- Abbreviation: PDP
- President: Fernando Chueca
- General Secretary: Ignacio Camuñas
- Founded: December 1974
- Legalised: February 17, 1977
- Dissolved: December 16, 1977
- Succeeded by: Union of the Democratic Centre
- Headquarters: Madrid
- Ideology: Liberalism
- Political position: Centre
- International affiliation: Liberal International

= People's Democratic Party (Spain, 1974) =

The People's Democratic Party (Partido Demócrata Popular, PDP) was a Spanish political party of liberal centre, integrated in the Union of the Democratic Centre (UCD). Its president was Fernando Chueca, and his Secretary General was Ignacio Camuñas.

==History==
The party was founded by Ignacio Camuñas in December 1974 on the basis of the Circle of Studies New Generation (Círculo de Estudios Nueva Generación), created in 1972. By 1976 the party was part of the Democratic Convergence Platform and Democratic Coordination, but withdrew from the latter in June of that same year. On 24 September 1976, together with Democratic Left of Catalonia, the Social-Liberal Coalition was established.

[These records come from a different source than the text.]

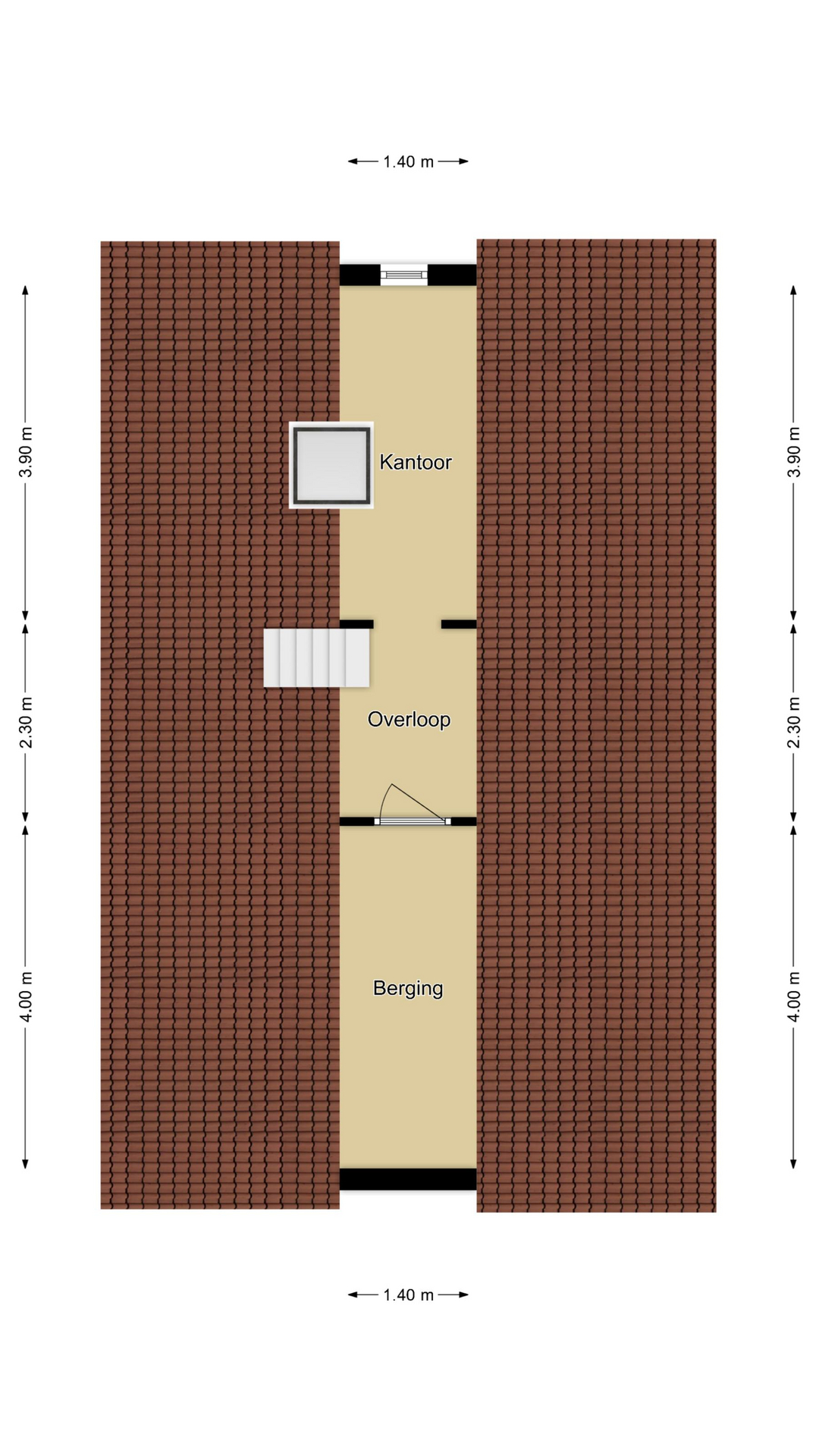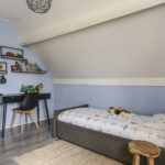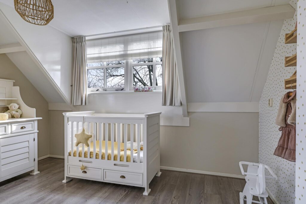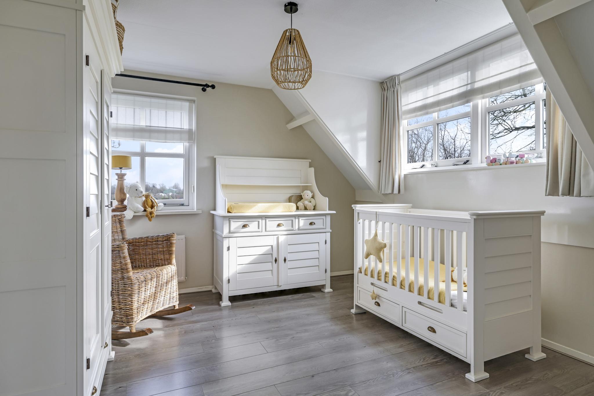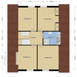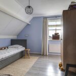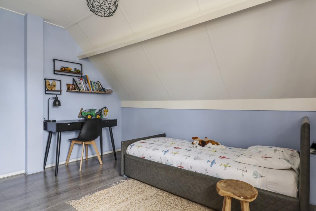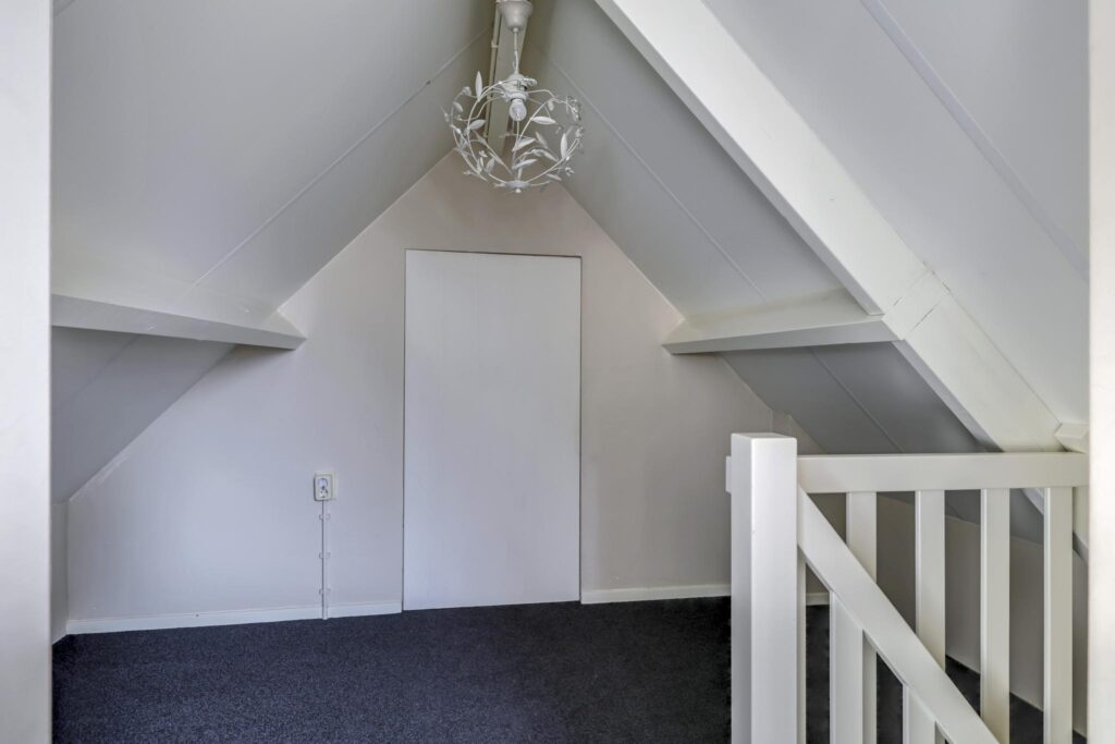 De 2e verdieping is via een vaste trap bereikbaar en biedt veel mogelijkheden (nokhoogte ca. 2 meter). Of je nu een werkkamer, studieruimte of extra slaapkamer wilt realiseren, deze ruimte is veelzijdig inzetbaar. Dankzij het dakvenster en het ronde kopgevelraam valt er voldoende daglicht naar binnen en de knieschot schuifpanelen bieden extra opbergruimte.
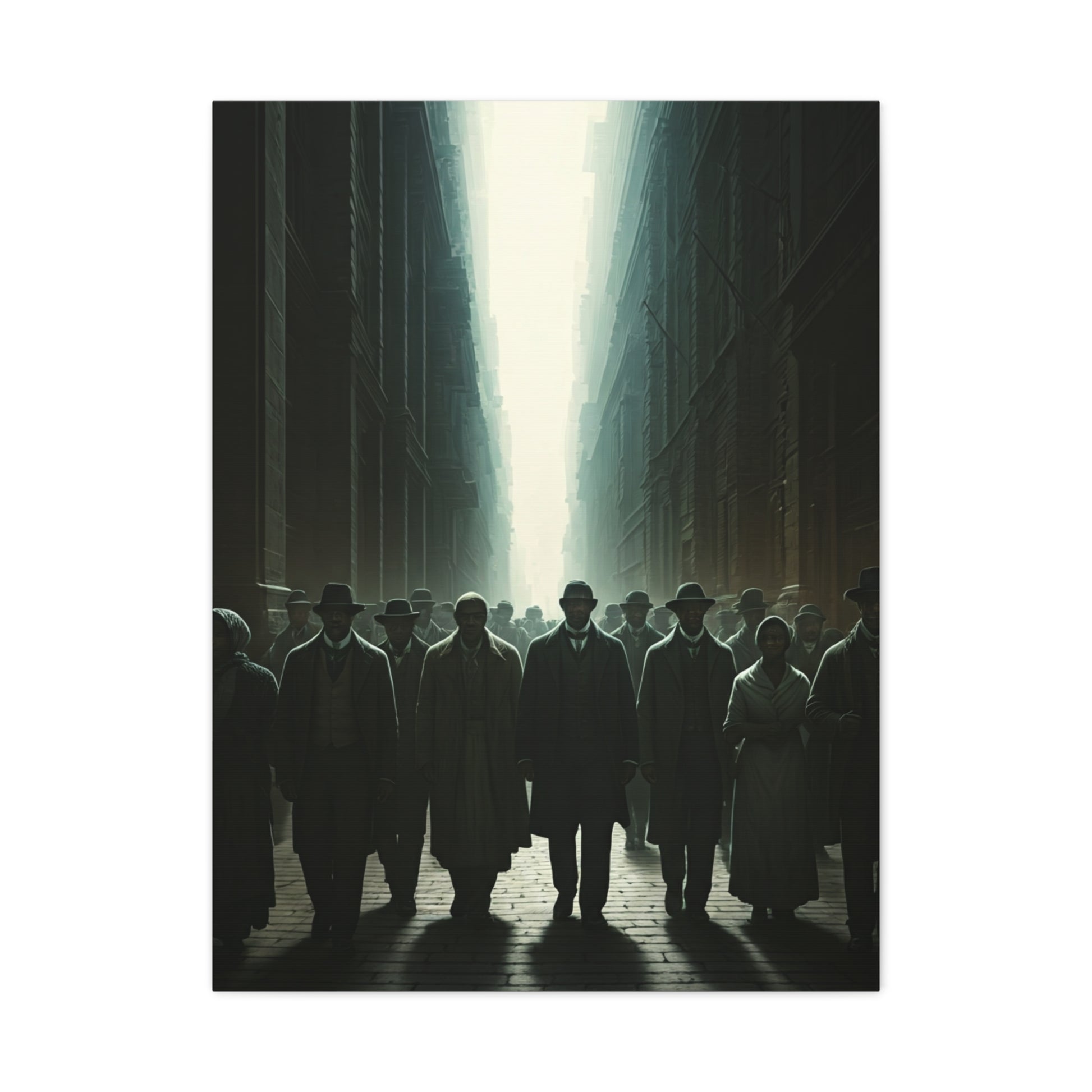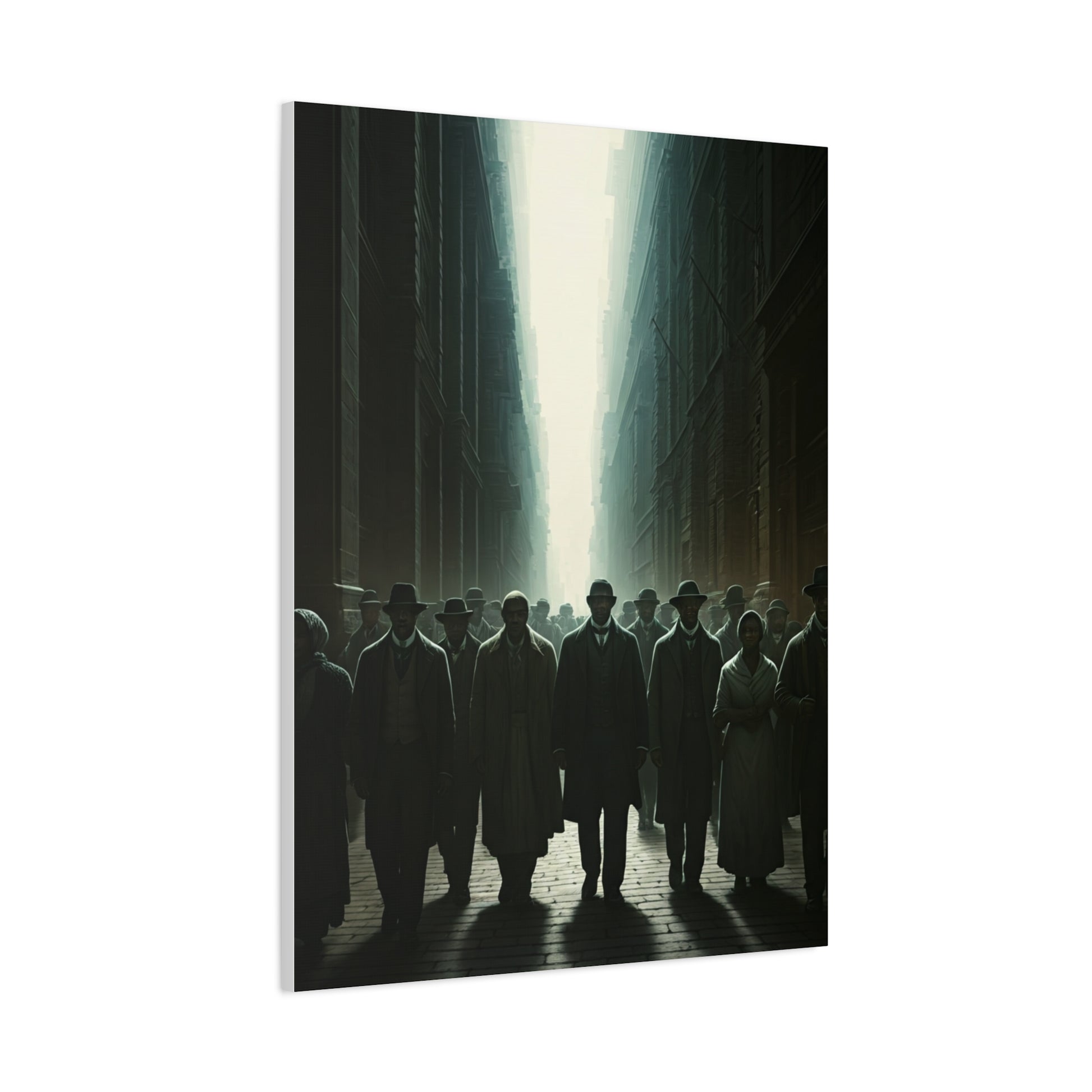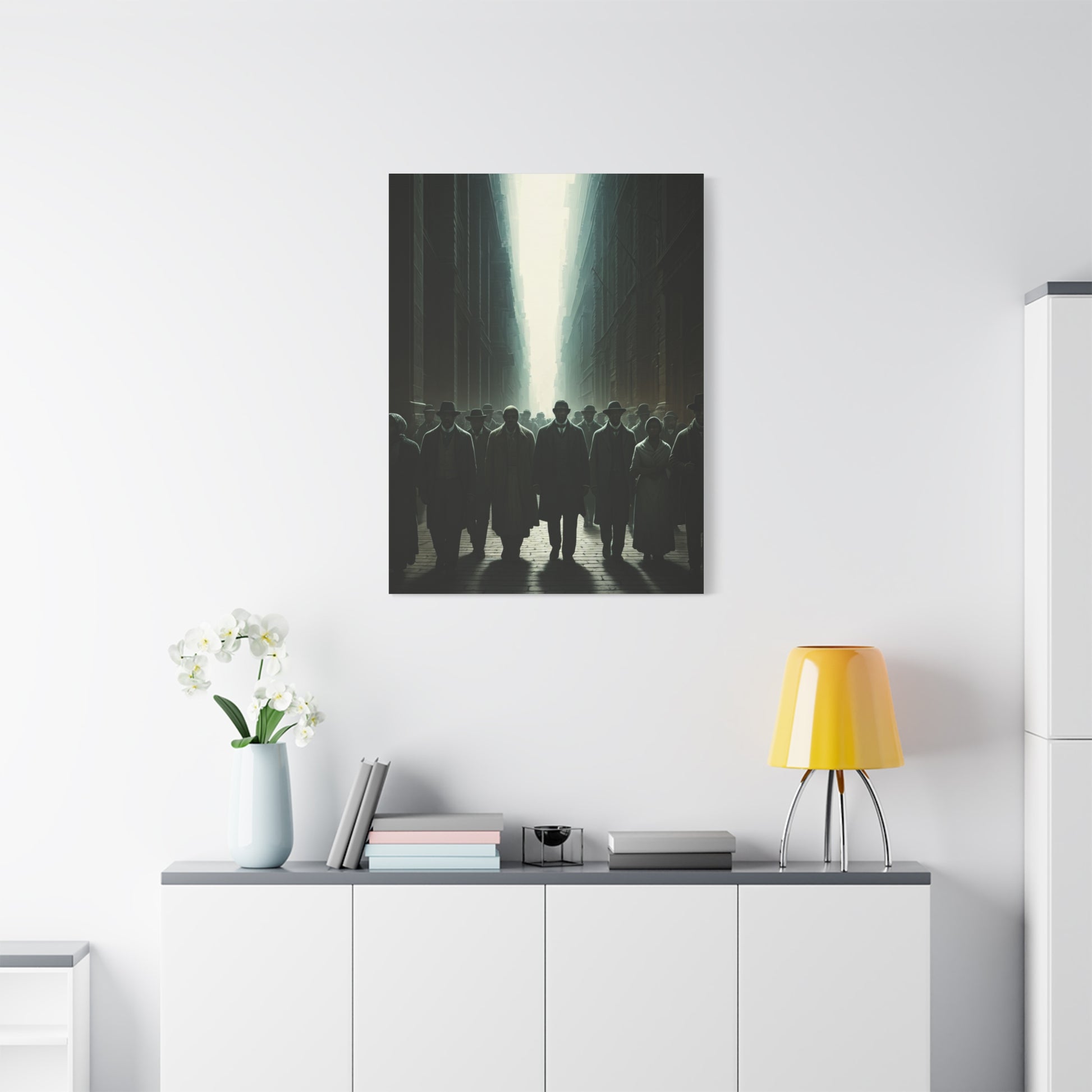 This dramatic scene captures a unified group moving forward through towering structures as a beam of light breaks through the darkness ahead. The silhouettes emphasize collective strength, momentum, and shared resolve. Strong contrast between shadow and illumination creates a cinematic sense of urgency and hope. The depth and scale of the architecture enhance the feeling of progress and purpose. Perfect for modern, motivational, or conceptual interiors, this artwork serves as a bold visual statement about unity, perseverance, and forward movement.
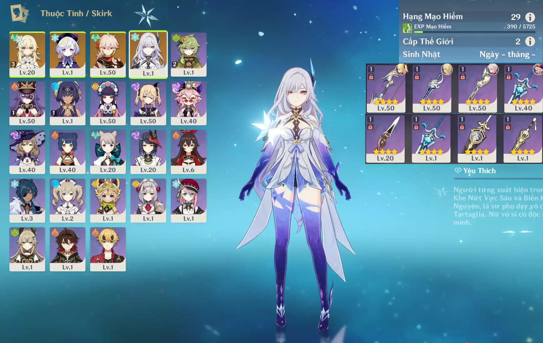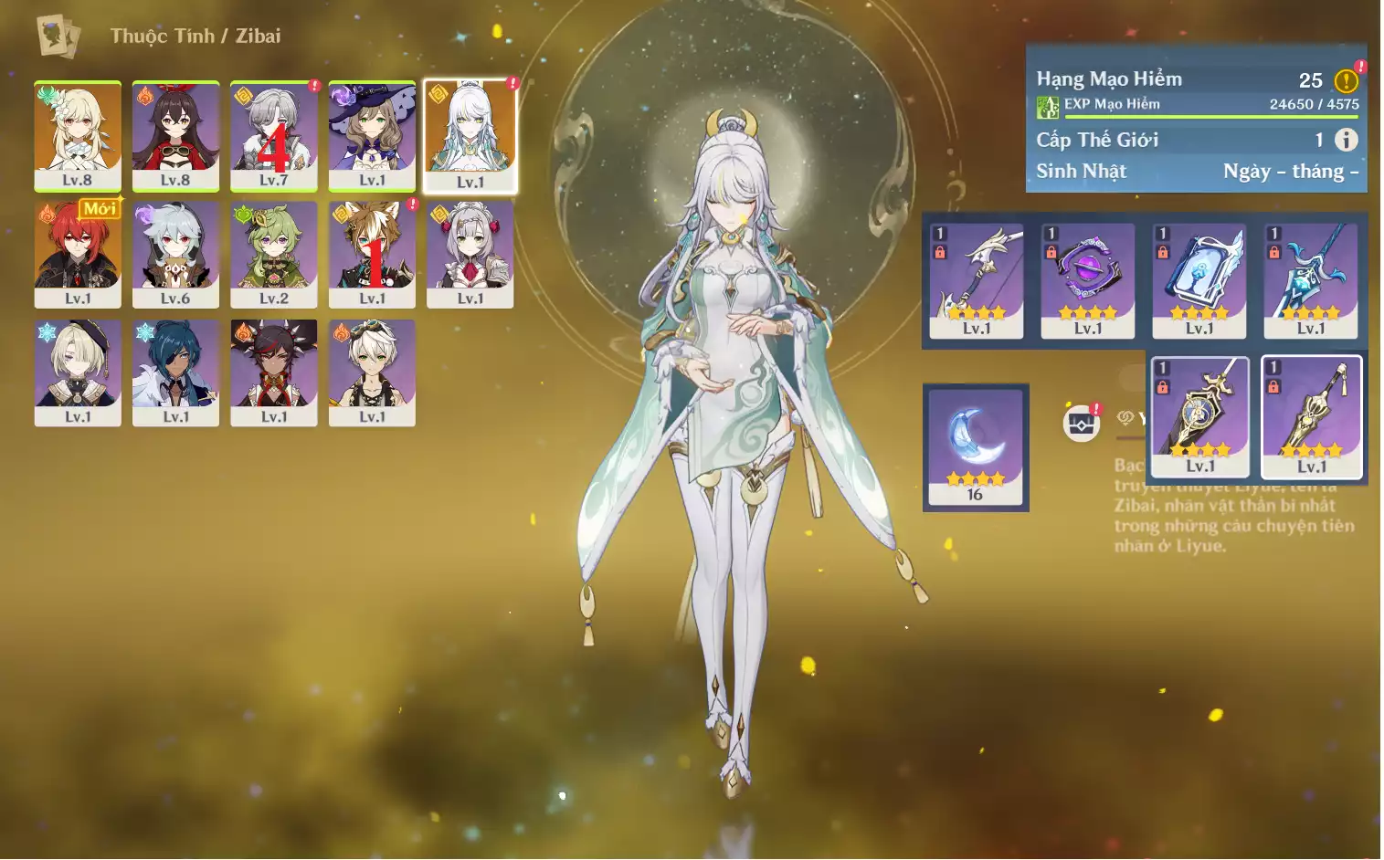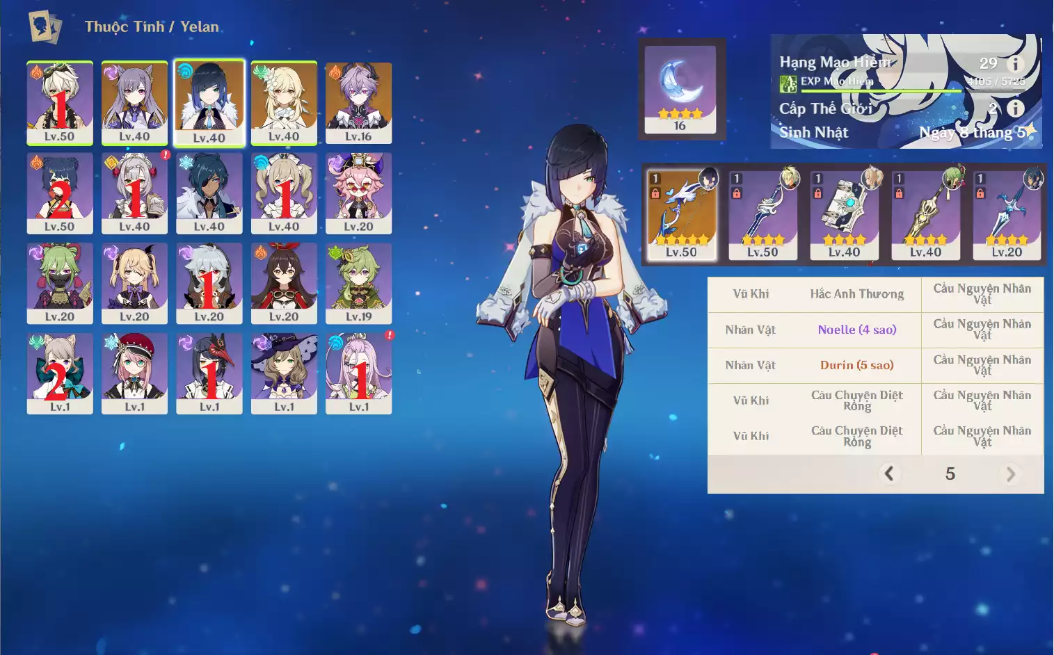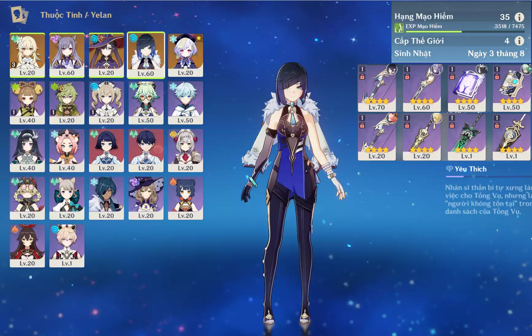 #360831 250,000đ 250,000đ AR level 35 Khu Vực asia Tướng 5* 4 Ar35 : Yelan + Keqing + Mona + QiQi _ banner nhân vật ĐÃ LỆCH 30/90 lần ( chưa set user ) _ map zin hơn 95% Tướng : 4 Vũ khí : 0 Chi tiết

Fernando Chueca Goitia, founder of the Spanish Social Democratic Union (USDE), left the party in July 1976 to join the People's Democratic Party, where he was elected president in December of that year. The party was admitted as a member of the Liberal International during the Congress that took place in Barcelona in October 1976; also, the PDP participated in the creation of Union of the Democratic Centre (UCD) in 1977, forming the liberal wing of UCD. The party was legalized on February 17, 1977.

In the general elections of 1977 the party obtained 6 deputies within UCD: Ignacio Camuñas, José Manuel Paredes Grosso, Francisco Ruiz Risueño, Manuel Bermejo and José María Bravo de Laguna. Subsequently, on December 16, 1977, the party agreed to dissolve and become a full member of UCD.